== Segment start ==

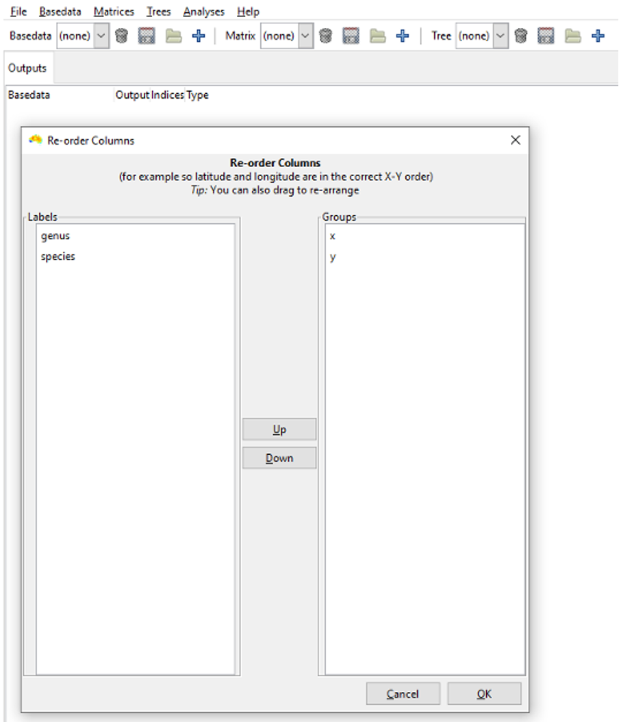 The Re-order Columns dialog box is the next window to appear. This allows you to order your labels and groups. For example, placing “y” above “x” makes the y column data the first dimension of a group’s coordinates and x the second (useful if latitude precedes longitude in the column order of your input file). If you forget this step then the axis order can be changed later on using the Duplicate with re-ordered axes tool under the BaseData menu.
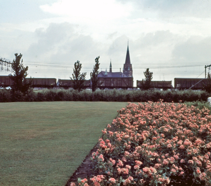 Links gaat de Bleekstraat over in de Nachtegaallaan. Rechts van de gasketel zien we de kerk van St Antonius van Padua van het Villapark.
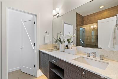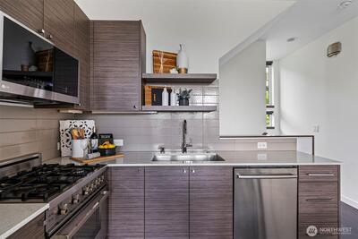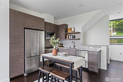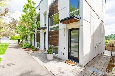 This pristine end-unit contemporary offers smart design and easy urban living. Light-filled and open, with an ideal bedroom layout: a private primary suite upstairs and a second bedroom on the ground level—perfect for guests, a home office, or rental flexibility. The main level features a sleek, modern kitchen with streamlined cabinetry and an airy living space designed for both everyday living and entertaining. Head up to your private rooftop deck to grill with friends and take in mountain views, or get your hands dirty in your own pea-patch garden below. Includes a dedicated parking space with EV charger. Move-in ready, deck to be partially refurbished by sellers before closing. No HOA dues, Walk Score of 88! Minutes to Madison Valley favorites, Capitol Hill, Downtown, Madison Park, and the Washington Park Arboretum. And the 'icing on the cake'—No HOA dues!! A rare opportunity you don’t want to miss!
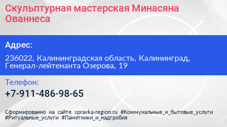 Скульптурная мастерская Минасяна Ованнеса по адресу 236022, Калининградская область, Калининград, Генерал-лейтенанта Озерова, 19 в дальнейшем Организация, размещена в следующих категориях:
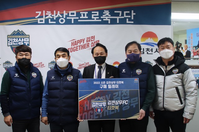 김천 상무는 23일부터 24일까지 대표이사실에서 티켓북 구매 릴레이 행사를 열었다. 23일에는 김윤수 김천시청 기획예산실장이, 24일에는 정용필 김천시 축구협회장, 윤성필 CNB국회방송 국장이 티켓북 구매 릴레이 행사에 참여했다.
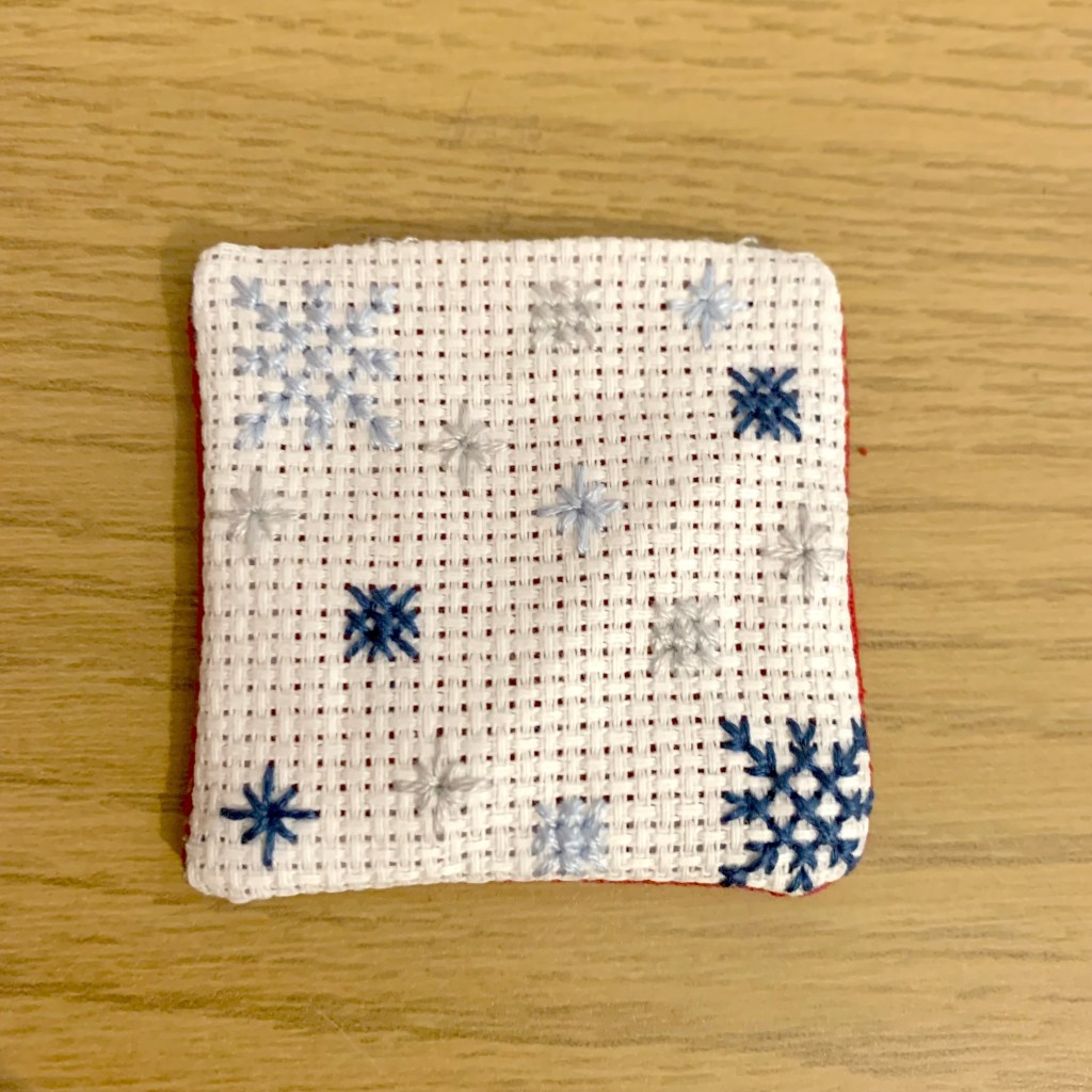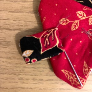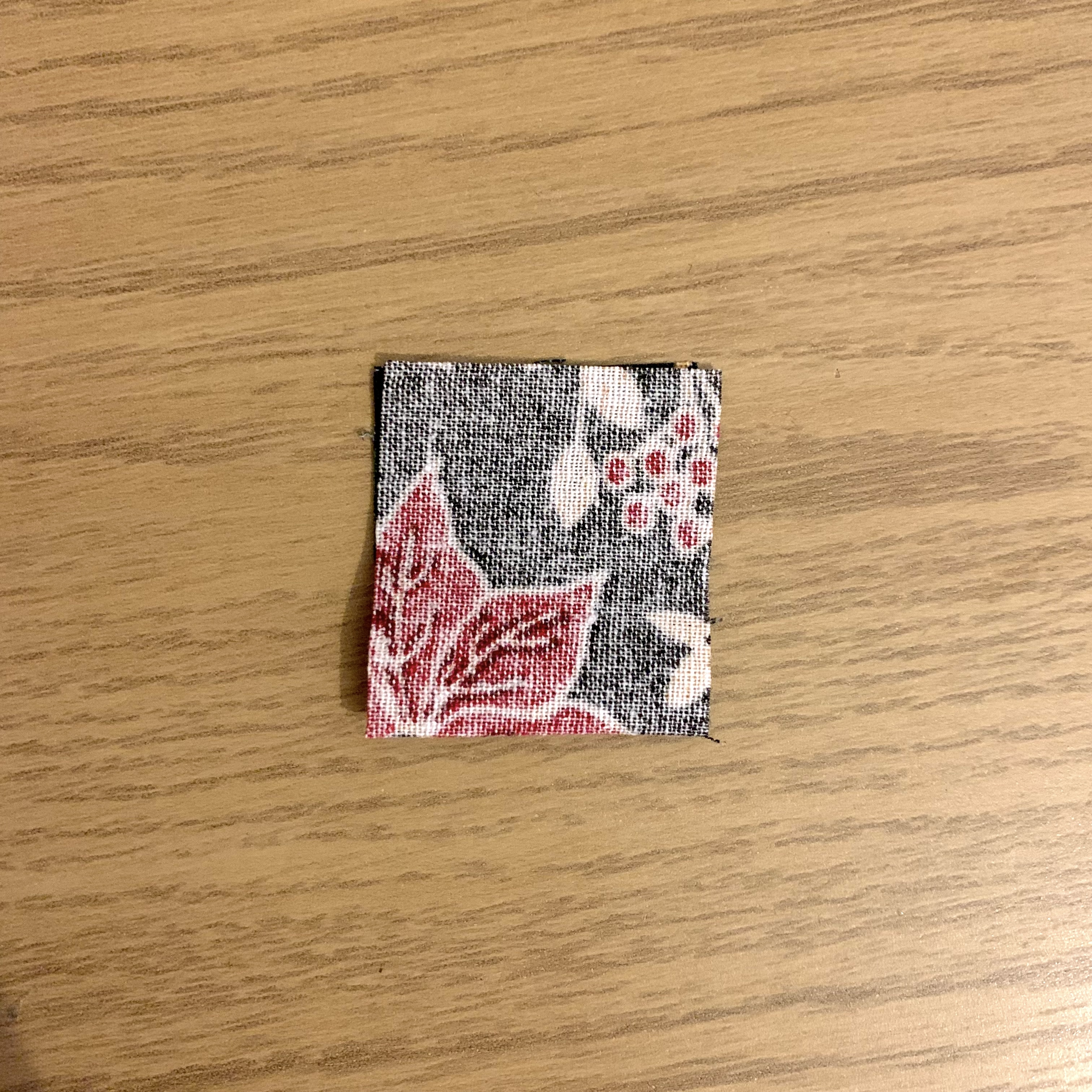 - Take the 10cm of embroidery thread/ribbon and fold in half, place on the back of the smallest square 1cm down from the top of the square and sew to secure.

== Segment end ==

▶ Work item:
Repeat only the lines between the start of the data and the line with "This pristine end-unit", including those two lines, and skip the pictures.

▶ Reply to the exercise:
 The Re-order Columns dialog box is the next window to appear. This allows you to order your labels and groups. For example, placing “y” above “x” makes the y column data the first dimension of a group’s coordinates and x the second (useful if latitude precedes longitude in the column order of your input file). If you forget this step then the axis order can be changed later on using the Duplicate with re-ordered axes tool under the BaseData menu.
 Links gaat de Bleekstraat over in de Nachtegaallaan. Rechts van de gasketel zien we de kerk van St Antonius van Padua van het Villapark.
 This pristine end-unit contemporary offers smart design and easy urban living. Light-filled and open, with an ideal bedroom layout: a private primary suite upstairs and a second bedroom on the ground level—perfect for guests, a home office, or rental flexibility. The main level features a sleek, modern kitchen with streamlined cabinetry and an airy living space designed for both everyday living and entertaining. Head up to your private rooftop deck to grill with friends and take in mountain views, or get your hands dirty in your own pea-patch garden below. Includes a dedicated parking space with EV charger. Move-in ready, deck to be partially refurbished by sellers before closing. No HOA dues, Walk Score of 88! Minutes to Madison Valley favorites, Capitol Hill, Downtown, Madison Park, and the Washington Park Arboretum. And the 'icing on the cake'—No HOA dues!! A rare opportunity you don’t want to miss!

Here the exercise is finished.